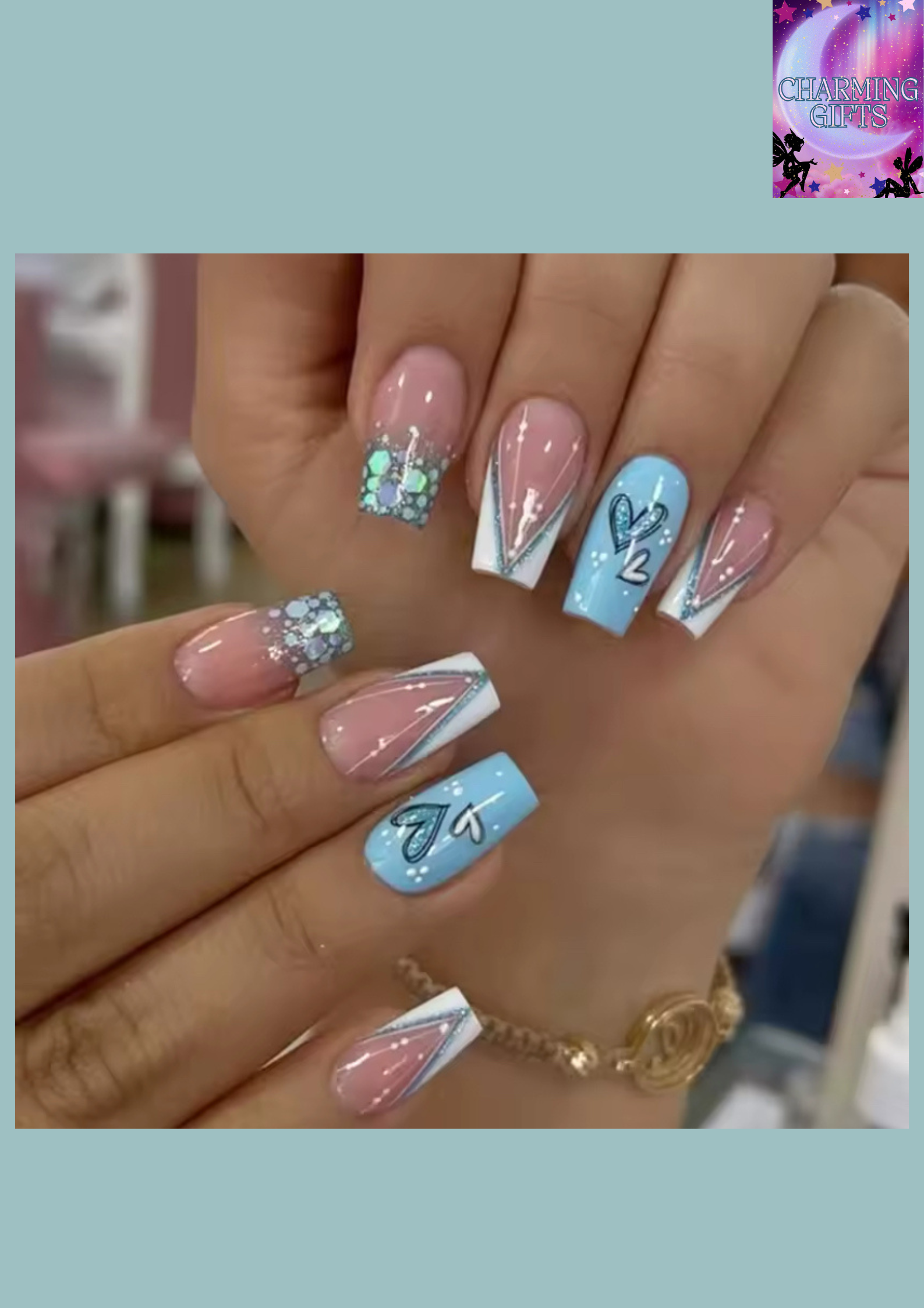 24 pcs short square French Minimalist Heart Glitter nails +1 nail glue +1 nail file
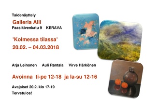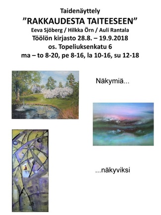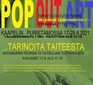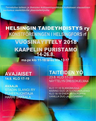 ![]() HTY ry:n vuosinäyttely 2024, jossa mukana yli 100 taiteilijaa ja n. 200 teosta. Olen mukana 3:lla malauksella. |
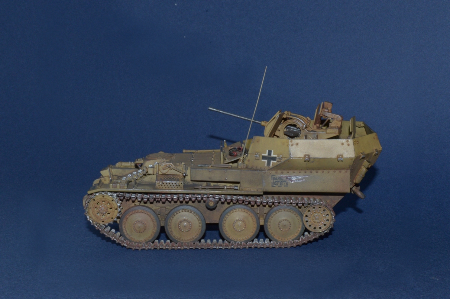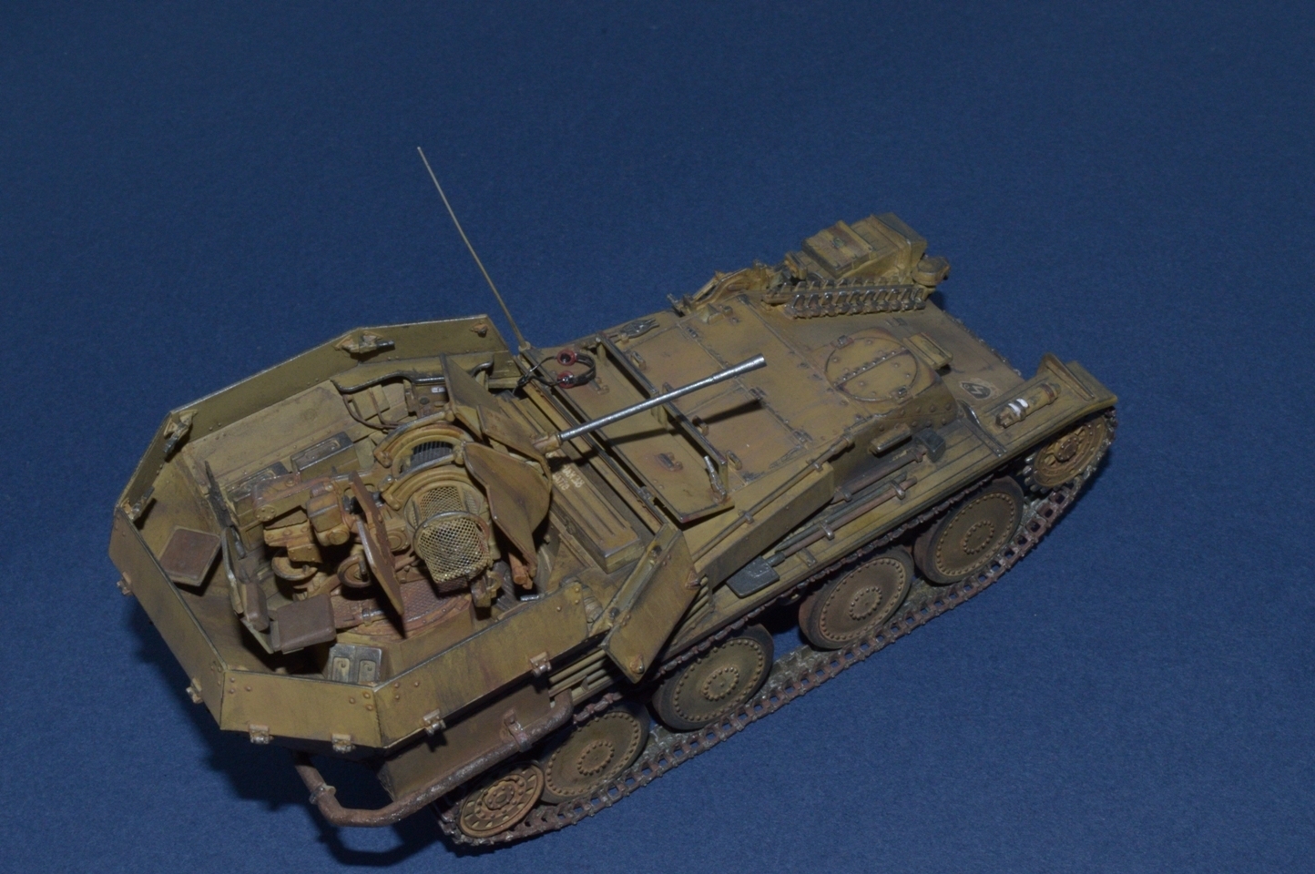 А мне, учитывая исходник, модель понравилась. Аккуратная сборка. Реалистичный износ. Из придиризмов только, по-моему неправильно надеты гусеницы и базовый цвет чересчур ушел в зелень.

——

# [Exercise requirements]
Apart from the pictures, all of the data must be duplicated exactly as shown above.

# [Answer]
 24 pcs short square French Minimalist Heart Glitter nails +1 nail glue +1 nail file
 ![]() HTY ry:n vuosinäyttely 2024, jossa mukana yli 100 taiteilijaa ja n. 200 teosta. Olen mukana 3:lla malauksella. |
 А мне, учитывая исходник, модель понравилась. Аккуратная сборка. Реалистичный износ. Из придиризмов только, по-моему неправильно надеты гусеницы и базовый цвет чересчур ушел в зелень.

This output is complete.